Holyrood’s immigration minister Ben Macpherson has written to his UK counterpart ahead of a summit on the issue later this month amid growing concerns that Scotland will suffer under a post-Brexit crackdown.

In the letter to the Minister of State for Immigration Caroline Nokes, Mr Macpherson said a tailored approach to immigration should be considered.

He said: “A declaratory system, avoiding the need to make an application and removing the threat of refusal except in the most extreme circumstances would best protect the rights of EU citizens living here.”

The call comes after the Migration Advisory Committee (MAC) said a tailored migration policy for different parts of the UK should be taken forward.

A four-nations roundtable meeting on migration will see the Holyrood minister and Ms Noakes joined by the Welsh Government’s Brexit minister Jeremy Miles and the head of Northern Ireland’s Civil Service David Sterling.

“Given the significance of the matter to Scotland, I would also like to discuss how we can work together to deliver the regional immigration pilot projects the MAC recommended in their most recent report, which was a welcome acknowledgement of the need for tailored migration policy for different parts of the country,” his letter states.
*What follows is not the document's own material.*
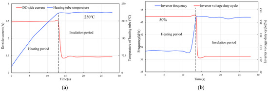 A pure ferrous heating tube with a 0.1 mm wall thickness and a 1.17 mm coil wire diameter was used to examine the effect of capacitance on the operating performance of the control system. Figure 12a illustrates the impact of increasing capacitance on the DC-side current and inverter frequency of the system during both the heating and temperature-holding periods. Figure 12b depicts the variation in the heating rate of the heating tube and the power losses of Q1 and Q4 during these periods as the capacitance increases (Q2 and Q3 show symmetrical losses). It shows that as the frequency decreases, both Q1 and Q4 exhibit a reduction in losses during the holding period. However, due to the increased current during heating, losses slightly increase in this phase. Since the temperature-holding period is significantly longer than the heating period, losses during holding play a major role in the NMOS temperature rise. Therefore, increasing the capacitance overall helps reduce NMOS temperature-rise losses. Additionally, increasing the capacitance initially enhances the heating rate of the heating tube. However, once the capacitance exceeds a certain value, further increases lead to diminishing returns in heating rate enhancement.

Mr Macpherson has also renewed concerns over the proposed salary threshold of £30,000 for EU workers, which he claimed would have a “catastrophic” effect on the economy of Scotland. The country is facing a population shortfall of 500,000 and immigration is seen as vital for the future. Mr Macpherson is also seeking details on the timescale for introducing the planned new immigration system, the UK Government’s preparations for a no-deal Brexit scenario and for updates on the status of EU students in the country.

Issues potentially raised by the EU settlement scheme were also noted by Mr Macpherson, who said there was little detail that had been provided about the process for frontier workers to apply for a document to certify their rights. “I would welcome a discussion on amending the current EU Settlement Scheme from a constitutive to a declarative system,” he said.

“The Scottish Government believes that EU citizens should not need to apply to maintain the rights they already have.”